鳴き声は、小さなボロボロの家から聞こえてくる。
穴がいくつも開いているので中はのぞけそう。
……うわぁ。
そこには、すごくグロい状態の男の子が座っていた。具体的に言うと、傷だらけプラス血だらけ。
何があったんだろう……いや、スラムでは日常茶飯事なのだ、こういうことは。
でも、見て見ぬ振りをするのもなんかなぁ…。夢見が悪くなりそう。
……意を決して話しかけてみるか。
「ねぇ」
返事はない。それはそうか。こんな痛そうなのに、声を上げれるわけがないか。
しょうがない。魔力はあまり使いたくなかったんだけど…。
『光魔法レベル3:ヒール』
大きい傷は治せないけど、命を失うような事態は避けれたと思う。
男の子は目を見開いているけど、何も喋らない。
……気まずい沈黙が訪れる。
そもそも、助ける必要はなかったのでは?夢見は悪くなるけど、ヒールって結構魔力食うんだよね。
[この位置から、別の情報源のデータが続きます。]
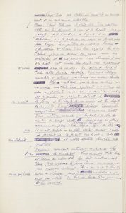 de ce roman dialogué paru pour la première fois en 1920. Il se compose de 338 pages écrites à l’encre violette sur papier ligné. Le texte présente de nombreuses ratures et corrections. Il est divisé en 16 actes alors que la version imprimée en comporte 15. La dernière page est signée par l’auteur qui a porté également la date du “15 janvier 1919”. Dos légèrement passés, quelques frottements d’usage. Provenance : François Boucher, avec ex-libris.
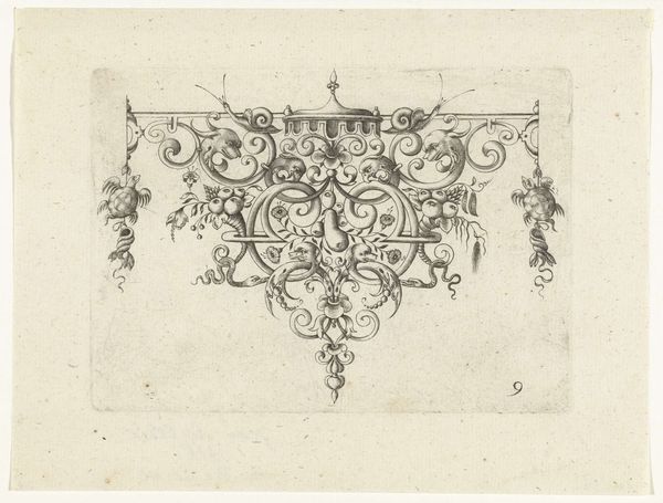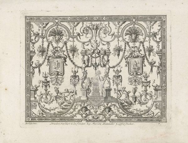 Moritz Bodenehr created this line engraving titled "Moderne grotesken met cherubijnen in bladerkransen," or "Modern Grotesques with Cherubs in Leaf Garlands," at an unknown date. The composition exhibits a patterned symmetry where classical motifs are playfully intertwined. Grotesque figures—part human, part decorative flourish—frame cherubs set within circular medallions. Notice the use of line: delicate yet precise, it animates the scene with a sense of rhythmic motion. Vines and decorative garlands cascade across the top, contrasting with the structured framework along the bottom edge. Bodenehr uses the grotesque style to destabilize the seriousness often associated with classical forms. By blending the human figure with abstract ornamentation, he challenges the viewer to reconsider fixed categories of beauty and meaning. This blending of forms anticipates later artistic movements that sought to disrupt traditional modes of representation. Ultimately, this print invites us to appreciate the fluidity of meaning in art, a space where classical ideals meet playful invention.
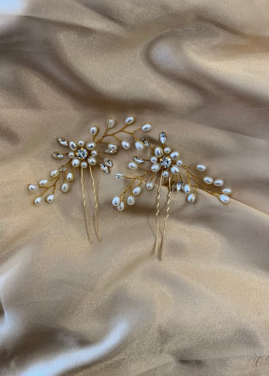 Gold rhinestone pearl hair pin 2 set Express NZ Wide

あ、でも、マフィアとかの情報は聞けるかも。ゲーム情報ではマフィアの本拠地はスラム街か平民街らしいし。
でも、喋らないからな、この子。どうしたものか。
悩んでいると、男の子がやっと口を開いた。
「なんで……」
「ん?」
なんで、っていうのは助けた理由かな?
「夢見が悪くなりそうだから」
理由はほんとにこれだけなんだよ。信じてくれるかはわからないけど。
たぶん、ここで怪我をしていたのが大人だったら見捨ててた。子供は死ぬべきじゃない。だって、未来があるんだから。
男の子は不思議そうな私を見る。まぁ、こんなことを言う人、スラム街にはいなさそうだし、そんな目で見られてもしょうがないか。
よし、じゃあマフィアの情報を……
って、こいつ寝てるぞ!?
うそぉ……助けた意味は?
でも起こすのも忍びないなぁ。
私は悩んだ末、魔獣の森に再び出発した。